Total-Body PET Imaging Takes Look At Long COVID

UC Davis

Using total-body PET imaging to get a better understanding of long COVID disease is the goal of a new project at the University of California, Davis, in collaboration with UC San Francisco. The project is funded by a grant of $3.2 million over four years from the National Institute of Allergy and Infectious Diseases, part of the National Institutes of Health.

About 1 in 10 COVID-19 survivors develop a range of long COVID symptoms that can last from months to years. How and why these symptoms develop isn't completely known, but they have been linked to activated immune T cells getting into organs and tissues.
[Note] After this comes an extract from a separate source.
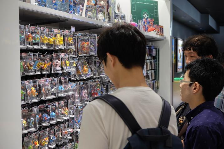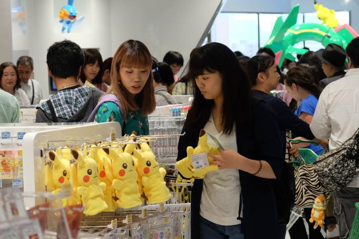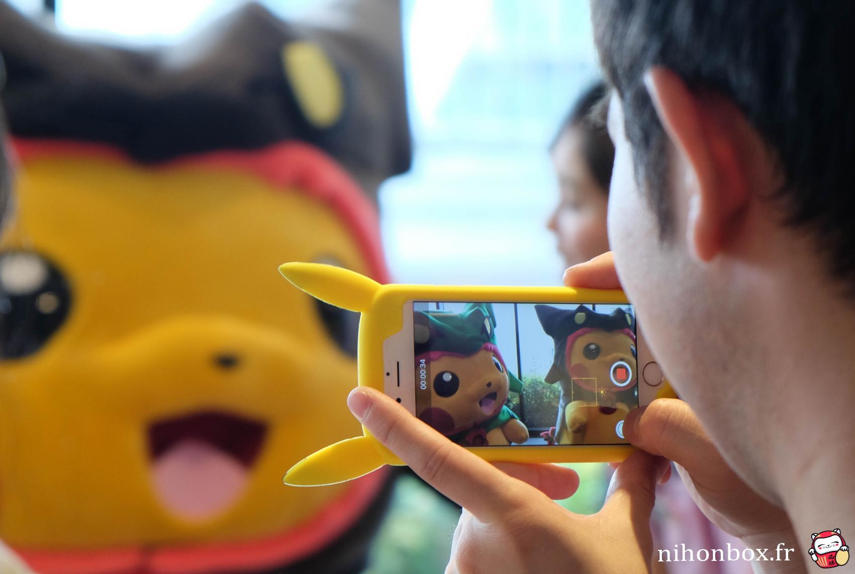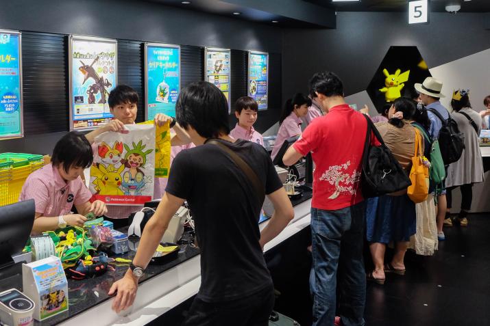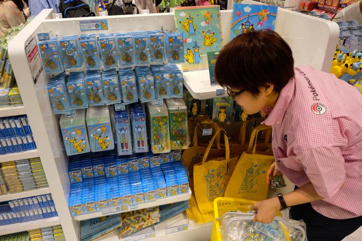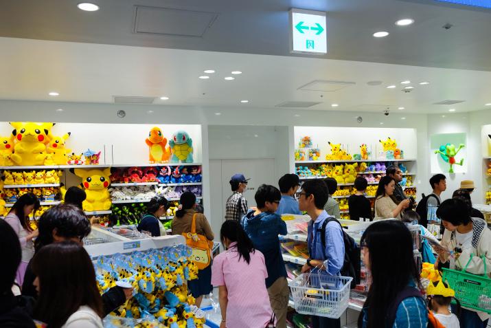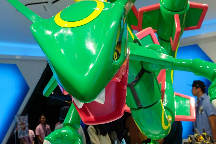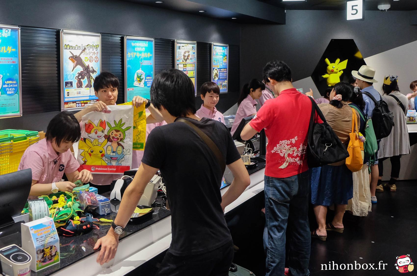 A l’intérieur de cette grande boutique, un monde fou, des paniers plein de goodies et une grande file d’attente pour arriver jusqu’à la caisse. La mascotte de ce Pokémon Center est le Pokémon Rayquaza, accompagné de Pikachu, il y avait donc pas mal de produits dérivés exclusifs à l’effigie de ces personnages. Pour pousser à l’achat des petits cadeaux étaient offerts, par exemple un porte-clés par tranche de 4000 yen d’achat. Pikachu était bien sûr présent en personne pour assurer le show auprès des fans, on peut dire qu’il a réussi sa mission.

Researchers also have linked long COVID to damage to the inner lining of blood vessels. These events can be related, because blood vessels become leaky when T cells are activated nearby, but may also be coincidental because leaky blood vessels allow more immune cells to leave the blood and enter tissues.

Head and shoulders of a woman with shoulder length straight dark hair, wearing a blue sweater and glasses.

Negar Omidvari

Negar Omidvari, assistant project scientist at the UC Davis Department of Biomedical Engineering and principal investigator on the grant, will use total-body positron emission tomography (PET) technology, originally developed by Professors Simon Cherry and Ramsey Badawi at UC Davis, and kinetic modeling to look at both processes simultaneously in patients with long COVID.

Imaging the entire body

PET imaging usually uses short-lived radioactive tracers to measure metabolic activity inside the body. Conventional PET can only look at a single organ or a section of the body at a time. The uEXPLORER PET scanner developed at UC Davis can image the entire body at the same time, giving a much more detailed picture of what is going on in the body.
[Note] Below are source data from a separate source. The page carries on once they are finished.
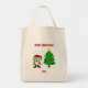Aqui vocês podem admirar um dos desenhos de Natal, eu chamo, "FrankenCheese de Natal", FrankenCheese vestido de Papai noel, com uma árvore de Natal decorada, o texto diz, "Feliz Natal". Agora você pode pedir, "FrankenCheese de Natal", nesta bolsa de mercearia para desejar a alguém um Feliz Natal."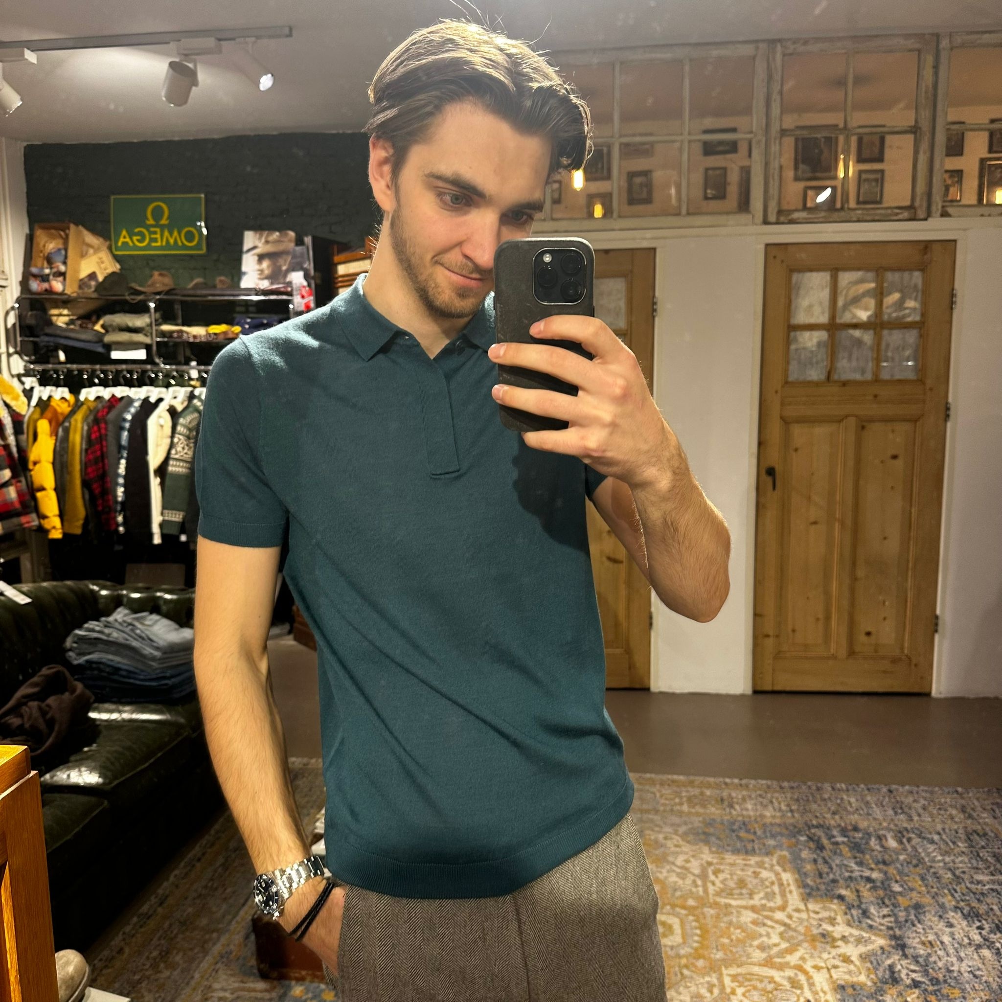 A sophisticated knit polo in a rich deep teal tone, crafted from a fine, lightweight yarn that feels smooth and breathable. The minimalist placket and sharp collar give it a clean, contemporary look.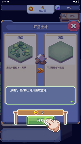 3、空地需要玩家通过开垦得到,将森林开垦为空地后即可进一步建造;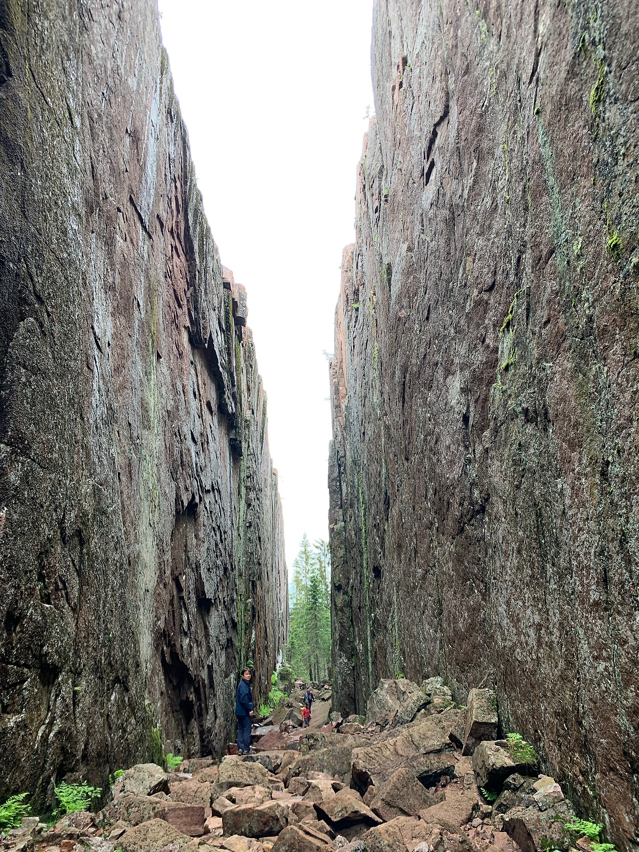 Slåttdalsskrevan은 구글링을 해봐도 뜻이 안 나오는데, 굳이 추측해 slåtter(풀을 깎다, 영어로 mow)+dal(골짜기)+skerevan(틈새)이 합쳐졌다고 보면 '깎아지른듯한 골짜기의 틈'이라고 번역할 수 있을까? 하여간 길이 200m-높이 30m-폭 7m의 이 협곡(ravine)이며, Skuleskogen 내 Slåttberget산을 양분하고 있다.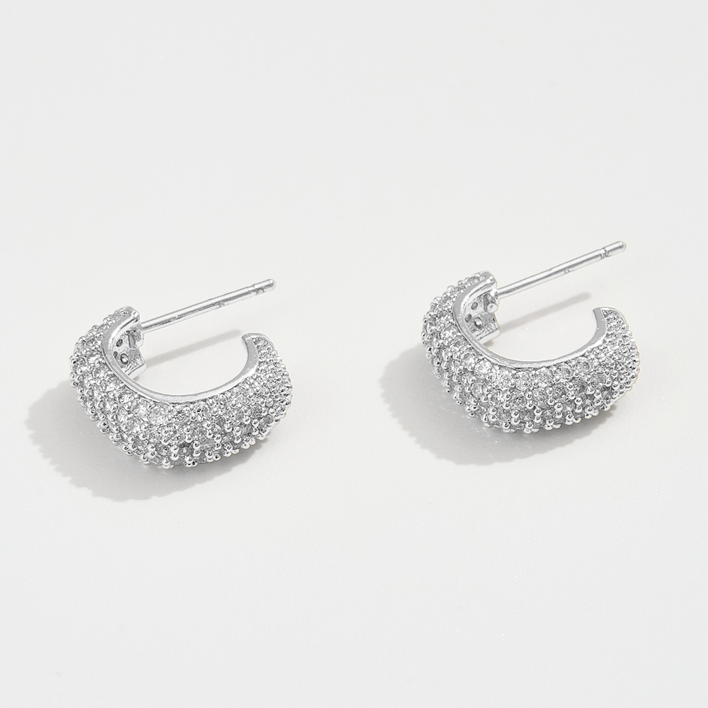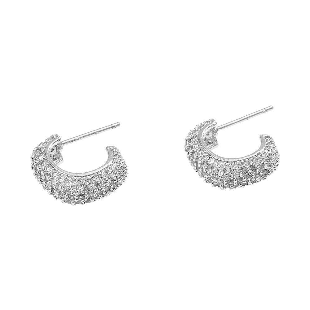 • These pavĂ© dome hoop earrings sparkle with rows of CZ stones, creating a bold yet refined statement. The rounded silhouette enhances their brilliance, making them an essential accessory to elevate both everyday wear and sophisticated evening outfits.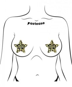 Happy New Year Pasties 2024 Black and Gold Star Nipple Covers by Pastease Brands. Introducing the Happy New Years 2024 Pastease: Ring in the New Year with Dazzling Elegance! Get ready to welcome 2024 in style with our exquisite Happy New Years 2024 Pastease. As the clock strikes midnight and the confetti begins to fall, let your spirit shine just as brightly as the fireworks with this one of a kind accessory. Dimensions: 3 inches by 3 inches.Coverage: 1.55 inches. Bold 2024 Design: Embrace the energy of a brand new year with the numbers 2024 show cased in a bold and striking font on these pasties. This design captures the anticipation and excitement that comes with a fresh start, reminding you that the best is yet to come. Champagne Bubbles of Celebration: Surrounding the numbers are effervescent champagne bubbles in radiant gold. Each bubble symbolizes a moment of joy, celebration, and the promise of unforgettable memories to be made in the year ahead. Glamorous Gold Sparkle: Printed on a glittering disco material, these nipple covers truly shimmer and shine with every movement. The golden sparkle mirrors the glitz and glamour of New Year’s Eve festivities, making sure you are the center of attention all night long. Unmatched Comfort and Quality: Our Happy New Years 2024 Pastease are not only a visual delight but also a comfort to wear. The breast coverings are crafted with the finest materials, they ensure a secure fit while allowing you to dance, mingle, and revel in absolute confidence. Collectible Keepsake: commemorate the beginning of a new chapter with a keepsake that encapsulates. Embrace the Future: The Happy New Years 2024 Pastease are not just an accessory; they’re a declaration of your enthusiasm for the journey ahead. With each step, you will be striding into the future with grace, style, and an undeniable zest for life. Do not just toast to the New Year make it unforgettable with the Happy New Years 2024 Pastease nipple pasties. Shine on, sparkle brighter, and step confidently into 2024. Get yours now and let the countdown to an extraordinary year begin! Categories: Holiday item, Lingerie, Clothing, Sexy Costume Accessories, Pasties and Accessories. 2023..

Omidvari will collaborate with CellSight Technologies Inc. of San Francisco to use a tracer called 18F-AraG, which specifically tags activated T cells. Using dynamic total-body PET imaging and sophisticated modeling, she aims to see how activated T cells collect in different organs at different times, where blood vessel damage is occurring, and whether these processes are related to each other.

"If we can separate the vascular damage from the presence of activated T cells in tissue, we should be able to get a much better picture of what's going on," Omidvari said.
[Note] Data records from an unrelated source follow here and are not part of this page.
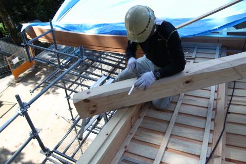 | 棟梁の合図のもと | みんなで綱を引き | 棟木が納まりました |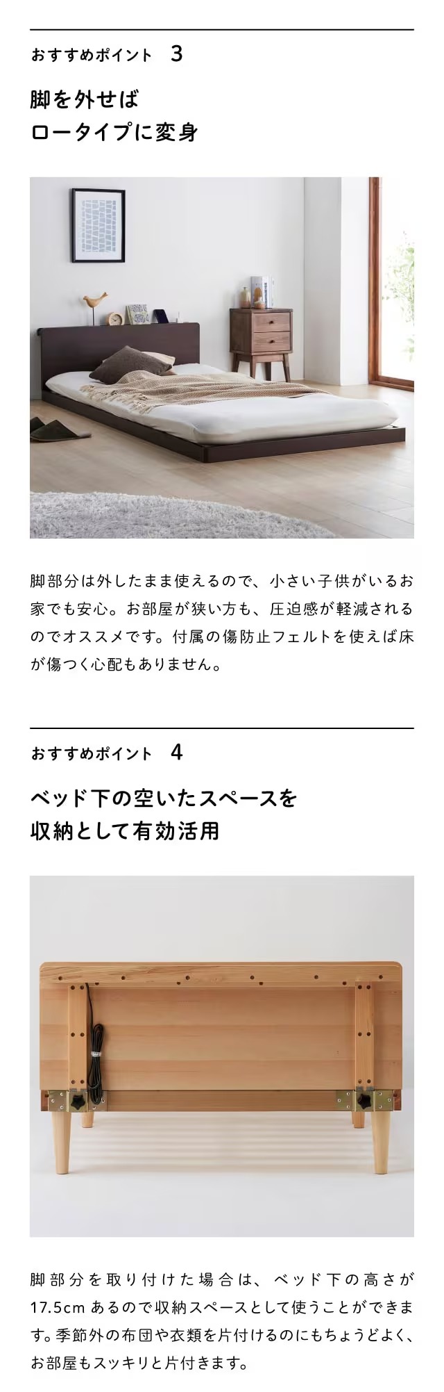 ●脚部使用時のベッド下は17.5cmあり、収納スペースとして使える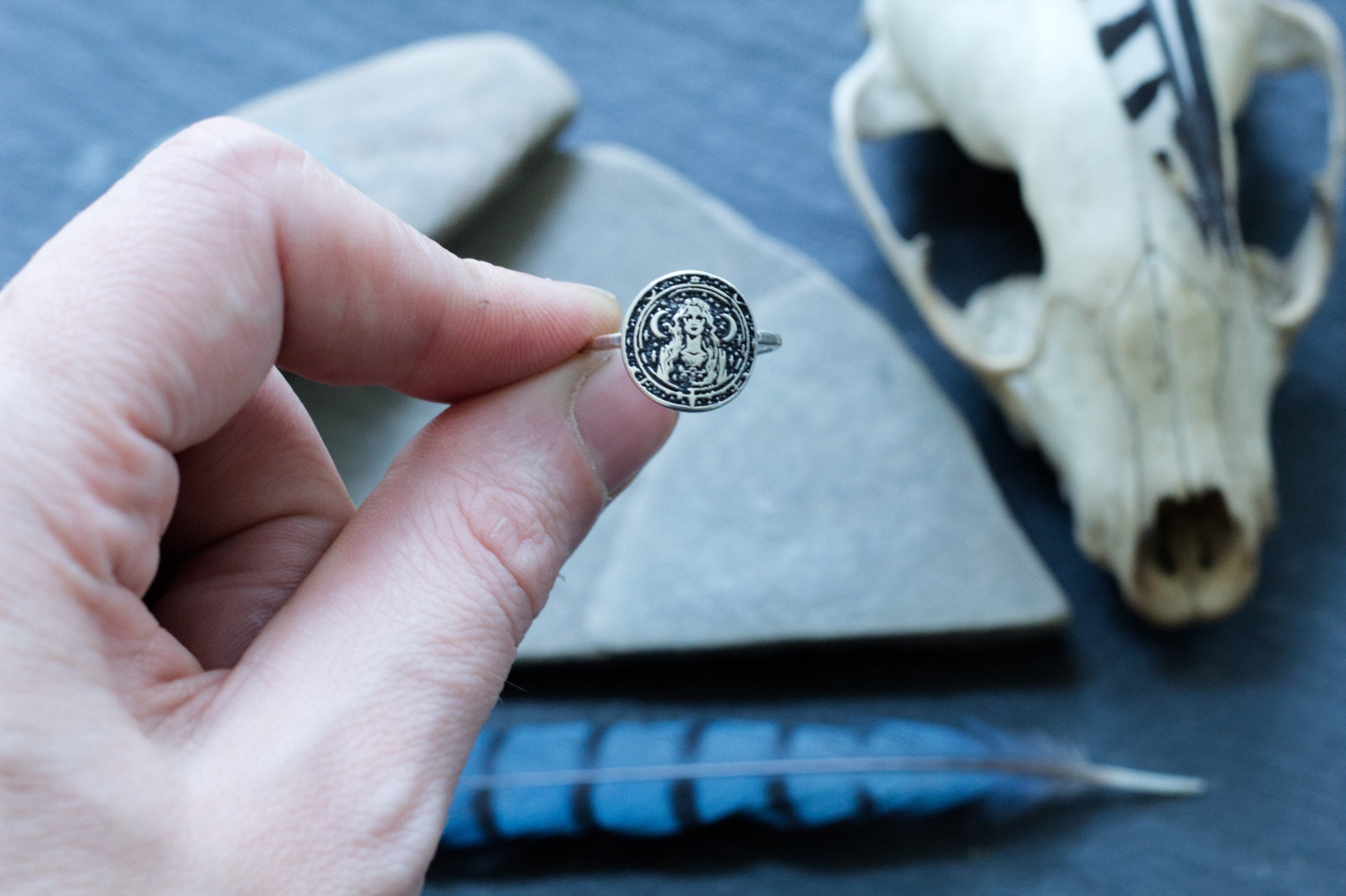 Dainty and minimal, my smallest Goddess Hecate ring yet. This ring showcases the goddess in the stars, in between two crescent moons and is fully handcrafted in your choice of either fine silver, copper or brass on a sterling silver ring base. The disc itself features a slight curve for comfort and better forming to the finger.

The team will also check blood samples for markers for inflammation and immune activation that correlate with PET imaging data.

The study will work with patients from UCSF's long COVID program (LIINC - Long-term Impact of Infection with Novel Coronavirus) who will be scanned at baseline, four and eight months. People who have fully recovered from COVID-19 and have no remaining symptoms will be scanned as controls.